Sadri Maksudi'nin Hukuk Tarihi Dersleri kitabına bakarken "Leibniz'in Hukuk Tarihine Hizmeti" başlıklı bölüm gözüme ilişti [1]. Yakın zamanda bu konuyu ele alan var mıdır diye scholar.google.com sitesinde tarama yaparken "Law & Geometry: Legal Science from Leibniz to Langdell" başlıklı makaleye tesadüf ettim [2]. Makale eskilerden bir beyiti hatırlattı [3]:

Hendese ilm-i fıkhın mîzânıdır,
Kim ânı kem eyleye, nâsın çingânıdır.

Hendese, yani geometri, fıkıh ilminin terazisi, ölçüsüdür. Kim onu aşağı görürse, insanların aşağısıdır. Bugün fıkıh kelimesini tam karşılamasa da, İslam Hukuku (Islamic law) tabiri kullanılmaktadır [4]. Yani hukuk ve geometri arasında bir irtibat kurulmaktadır. Bu irtibat sadece, Katip Çelebi'nin Mizânü'l-Hakk kitabında zikrettiği hendese bilen kâdı ile bilmeyen arasındaki farkın tayini için olmasa gerek. Hendesede teoremler ispatlanarak kesin bilgiye ulaşılmaya çalışılmaktadır. Buna, İmam Gazalî Tehâfütü'l-Felâsife kitabında temas etmektedir. Hendese, medreselerin lağvına kadar müfredattaki yerini muhafaza etmiştir [5]. Cizvit Papazı Toderini (1728-1799) medreselerde hendeseye gösterilen alakayı zikretmekten kendini alamamıştır [6].



Referans ve Notlar

[1] Sadri Maksudi, İkinci Sene Hukuk Tarihi Dersleri, 1926-1927 sene-i tedrisiyesinde takrir edilen ders notları, Ankara Hukuk Mektebi, s. 9. Kitabın pdf haline buradan ulaşılabilir.

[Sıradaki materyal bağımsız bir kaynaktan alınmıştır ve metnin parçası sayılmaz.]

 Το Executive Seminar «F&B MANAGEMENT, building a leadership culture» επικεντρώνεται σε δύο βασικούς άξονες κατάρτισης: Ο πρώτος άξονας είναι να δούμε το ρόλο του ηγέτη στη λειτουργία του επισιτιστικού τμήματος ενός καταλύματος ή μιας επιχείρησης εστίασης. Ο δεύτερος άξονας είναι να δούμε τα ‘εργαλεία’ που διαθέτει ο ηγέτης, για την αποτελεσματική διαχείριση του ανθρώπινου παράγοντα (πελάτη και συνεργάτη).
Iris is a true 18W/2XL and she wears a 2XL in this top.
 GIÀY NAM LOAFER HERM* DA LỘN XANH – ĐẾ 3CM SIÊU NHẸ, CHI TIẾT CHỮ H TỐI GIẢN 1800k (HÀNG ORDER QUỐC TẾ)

[2] M. H. Hoeflich, "Law & Geometry: Legal Science from Leibniz to Langdell", The American Journal of Legal History, vol. 30, no. 2 (Apr., 1986), pp. 95-121.

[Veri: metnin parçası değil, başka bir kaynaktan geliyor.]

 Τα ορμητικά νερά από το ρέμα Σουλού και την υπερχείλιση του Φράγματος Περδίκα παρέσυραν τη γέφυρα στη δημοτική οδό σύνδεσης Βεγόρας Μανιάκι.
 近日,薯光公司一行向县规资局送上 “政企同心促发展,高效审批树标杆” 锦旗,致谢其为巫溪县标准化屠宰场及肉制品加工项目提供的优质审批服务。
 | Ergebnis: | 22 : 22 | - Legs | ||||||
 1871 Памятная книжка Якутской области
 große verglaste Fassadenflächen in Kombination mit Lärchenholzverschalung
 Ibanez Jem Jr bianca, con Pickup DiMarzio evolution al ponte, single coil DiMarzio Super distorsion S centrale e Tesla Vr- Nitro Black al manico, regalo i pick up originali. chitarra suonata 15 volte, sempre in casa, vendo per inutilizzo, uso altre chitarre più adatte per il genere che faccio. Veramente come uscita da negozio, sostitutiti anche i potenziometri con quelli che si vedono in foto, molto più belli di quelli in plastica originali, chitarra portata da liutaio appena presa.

[3] Prof. Dr. Ekrem Buğra Ekinci bir konuşmasında bu beyitin, Osmanlı devrinde Darü'ş-Şafaka Lisesi'nde duvara asılı olduğunu söylemişti.

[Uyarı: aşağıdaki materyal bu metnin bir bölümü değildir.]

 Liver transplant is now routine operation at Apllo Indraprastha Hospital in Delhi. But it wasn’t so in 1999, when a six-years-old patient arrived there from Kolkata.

[4] Fıkıh, günümüz hukuk mefhumundan daha şümüllüdür. Hukukdan fazla olarak ferd ile Allah arasındaki münasebeti de ele almaktadır. Dolayısıyla, İslam Hukuku denildiğinde ibadât hariç fıkhın diğer kısımları (muamelat ve ukubat) kastedilir.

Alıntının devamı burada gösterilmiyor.